■ Exercise objective ■
Once the line with "Søt liten veske" has been located in the records below, set down that line and all subsequent lines exactly, omitting the pictures.

==== Data listing

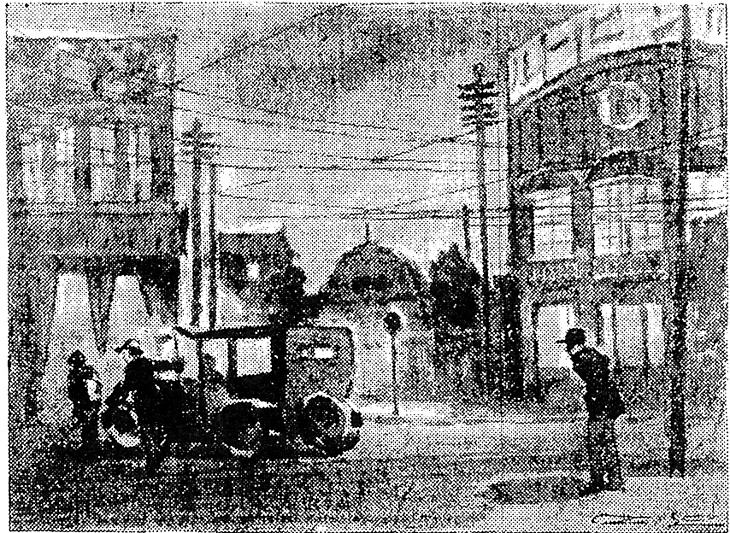 説明 東京・上野、池之端に近い電車の停留所の近くと言うが、辺りは暗い。明治時代の広小路辺は、夜は提灯がなければ歩けなかったという。1928(昭和3)年のこの時代、まさかそれほどではないにせよ、夜遅くまで路を照らしている商店の数も少なく高さも低い。街灯も遠くの方に一基、それらしいものが見えるだけ。東京・大阪のような大都会の、都心の、電車が通っているような大通りですら、第二次大戦前の夜は、空も、街も、本当に暗かった。だから乏しい灯が懐かしかったろう。(大丸 弘)
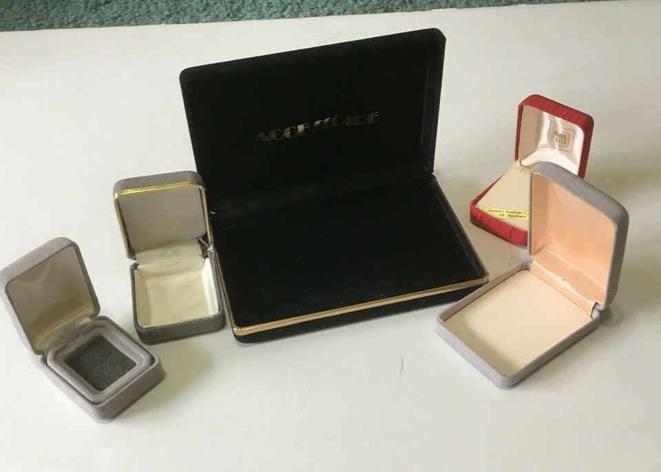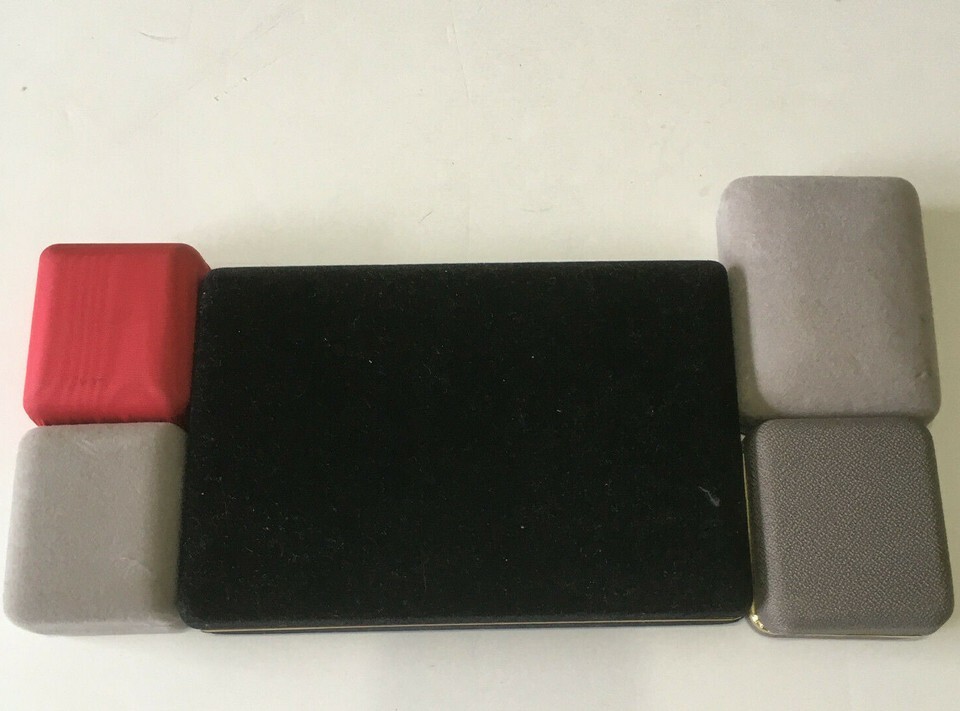 - Vintage empty jewelry cases display presentation 5 box lot gray black red boxes
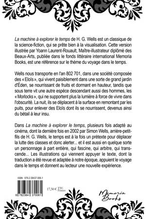 La machine à explorer le temps de H. G. Wells est un classique de la science-fiction, qui se prête bien à la visualisation. Cette version illustrée par Yoann Laurent-Rouault, Maître-illustrateur diplômé des Beaux-Arts, publiée dans le fonds littéraire international Memoria Books, est une référence sur le thème du voyage dans le temps. Wells nous transporte en l'an 802 701, dans une société composée des Eloïs, qui vivent paisiblement dans une sorte de grand jardin d'Éden, se nourrissant de fruits et dormant en hauteur, tandis que sous terre vit une autre espèce descendant aussi des hommes, les Morlocks, qui ne supportent plus la lumière à force de vivre dans l'obscurité. La nuit, ils se déplacent à la surface en remontant par les puits, pour enlever des Eloïs dont ils se nourrissent, devenus ainsi du bétail à leur insu. Dans La machine à explorer le temps, plusieurs fois adapté au cinéma, dont la dernière fois en 2002 par Simon Wells, arrière-petit-fils de H. G. Wells, le temps est à la fois un prétexte pour déplacer la lutte des classes et donc alerter... et il est aussi en quelque sorte un personnage à part entière, qui fascine, qui arbitre, qui transcende... Les illustrations qui viennent appuyer le texte, dont la traduction a été revue et adaptée à notre époque, appuient le voyage dans le temps et donnent au lecteur une nouvelle expérience.
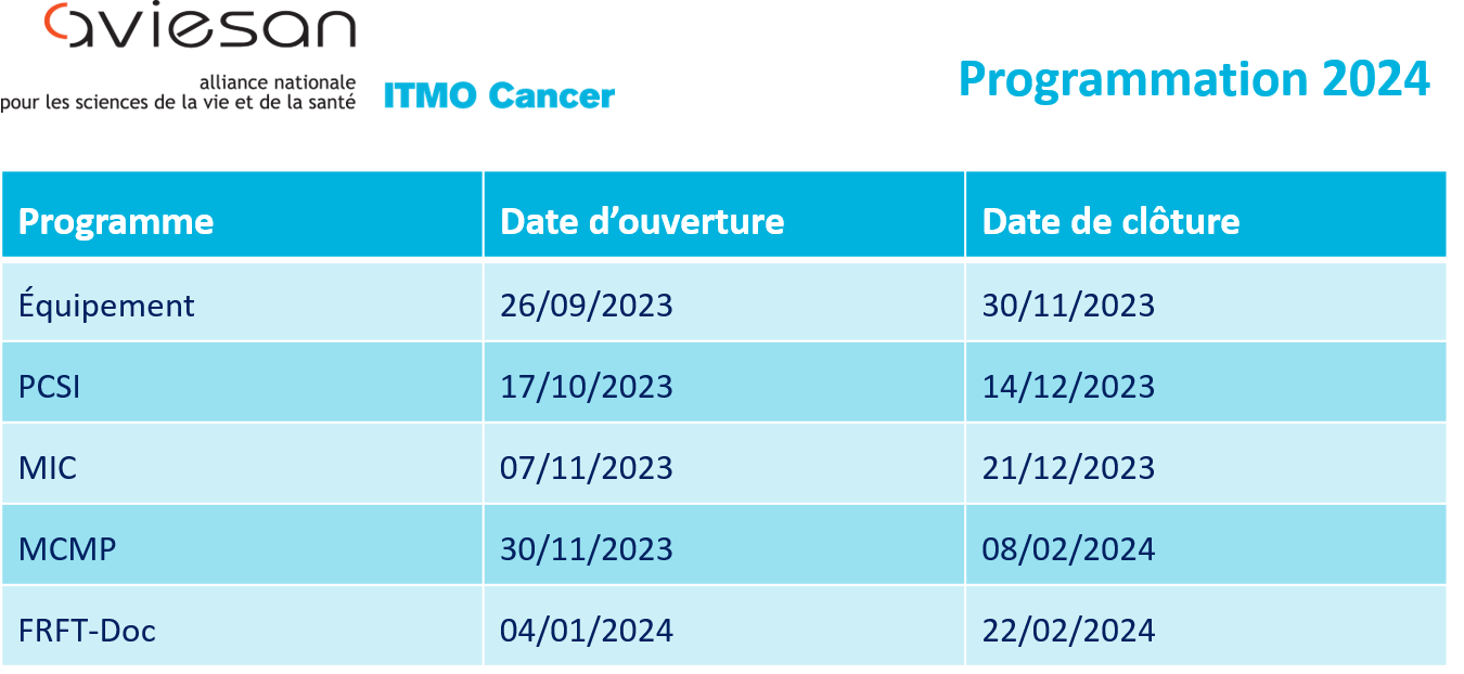 | ITMO Cancer - AAP/AAC : Calendrier 2024 |
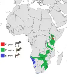 Non-African equines that may have been basal to zebras include E. sansaniensis of Eurasia (circa 2.5 mya) and E. namadicus (circa 2.5 mya) and E. sivalensis (circa 2.0 mya) of the Indian subcontinent.[33] A 2017 mitochondrial DNA study placed the Eurasian E. ovodovi and the subgenus Sussemionus lineage as closer to zebras than to asses.[38]
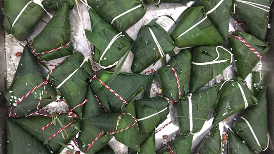参赛选手们劲头十足,双手轻卷芦苇叶,舀上米,左缠右绕,再把绳子系紧,糯米、粽叶在心灵手巧的选手们手上翻转飞舞。“这个粽叶你要卷成漏斗状,再塞材料进去。糯米压紧实,绳子要绑紧,否则会‘露馅’。”旁观的吃瓜群众们也热情非凡,讨论着参赛选手们的优劣,还不时向他们支招、传授经验。
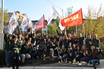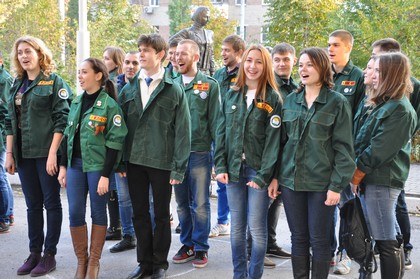 Бойцы сводного студенческого отряда РГУПС совместно с представителями Ростовского регионального отделения Молодёжной общероссийской общественной организации «Российские студенческие отряды» организовали проведение флешмоба, посвящённого 85- летию университета и 55-летию студенческих отрядов у памятника студенческим строительным отрядам РГУПС у главного корпуса университета.
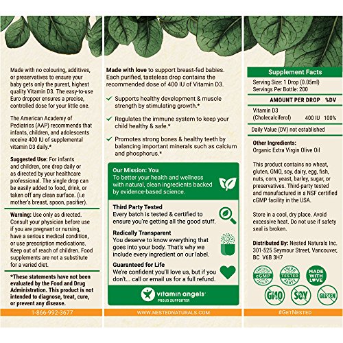 PREMIUM VITAMIN D3 AND SUPER ABSORBABLE: Vitamin D3 is converted by the body 500% faster than Vitamin D2. That's why we chose to source our Vitamin D3 from purified lanolin which we combine with premium extra virgin olive oil to help your baby's body to absorb the full benefit. Because Vitamin D3 is chemically indistinguishable from the form of vitamin D produced by the human body, it's easier to metabolize and absorb. 400 IUs of pure, sunny vitamin D3 made with love for your child.
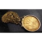 A 1907 Edward VII half sovereign in 375 mount and RG chain. Gross weight excluding chain 5g approx.
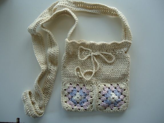 Søt liten veske heklet i cotton eco.samme mønster som mine mobilvesker.Eget design.
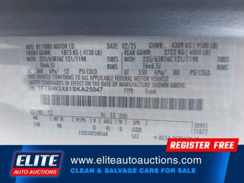 | VIN #: | 1FTBW3X81SKA25047 |
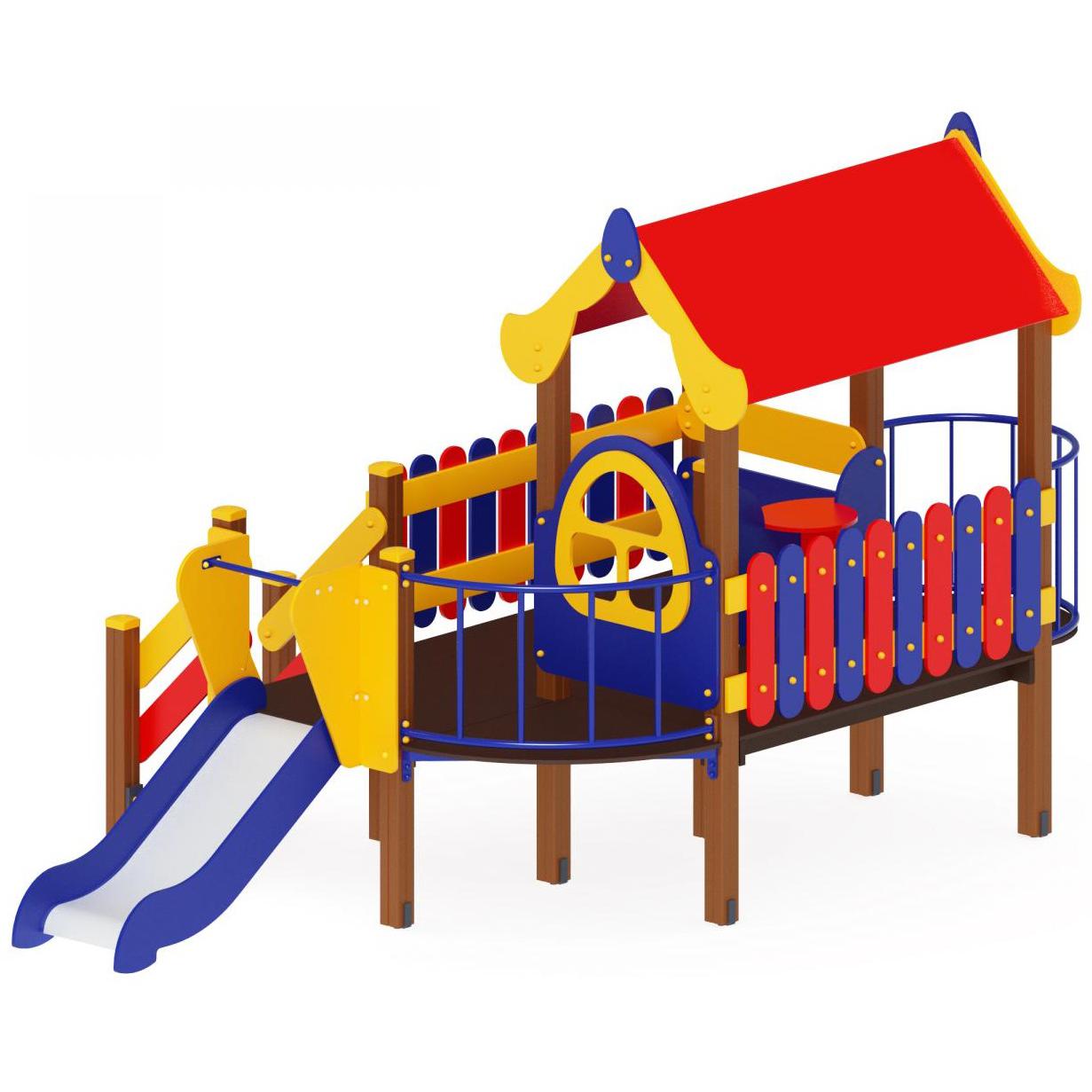 ГоркаСкат горки шириной 540 мм, выполнен из нержавеющей стали толщиной 1,5 мм — цельного листа, утопленного в паз бортиков горки. Борта выполнены из влагостойкой фанеры толщиной 24 мм, шириной не менее 150 мм. Опорный каркас горки выполнен из профиля 40х25 и 30х30 мм. Стартовая площадка горки ограждена стальной перекладиной из трубы диаметром 27 мм, установлена на высоте не менее 600 мм от уровня поверхности стартового участка горки и побуждающая ребенка присесть. Размер горки в плане 540х 1350 х750 мм(h).

========

■ Response to this task ■
 Søt liten veske heklet i cotton eco.samme mønster som mine mobilvesker.Eget design.
 | VIN #: | 1FTBW3X81SKA25047 |
 ГоркаСкат горки шириной 540 мм, выполнен из нержавеющей стали толщиной 1,5 мм — цельного листа, утопленного в паз бортиков горки. Борта выполнены из влагостойкой фанеры толщиной 24 мм, шириной не менее 150 мм. Опорный каркас горки выполнен из профиля 40х25 и 30х30 мм. Стартовая площадка горки ограждена стальной перекладиной из трубы диаметром 27 мм, установлена на высоте не менее 600 мм от уровня поверхности стартового участка горки и побуждающая ребенка присесть. Размер горки в плане 540х 1350 х750 мм(h).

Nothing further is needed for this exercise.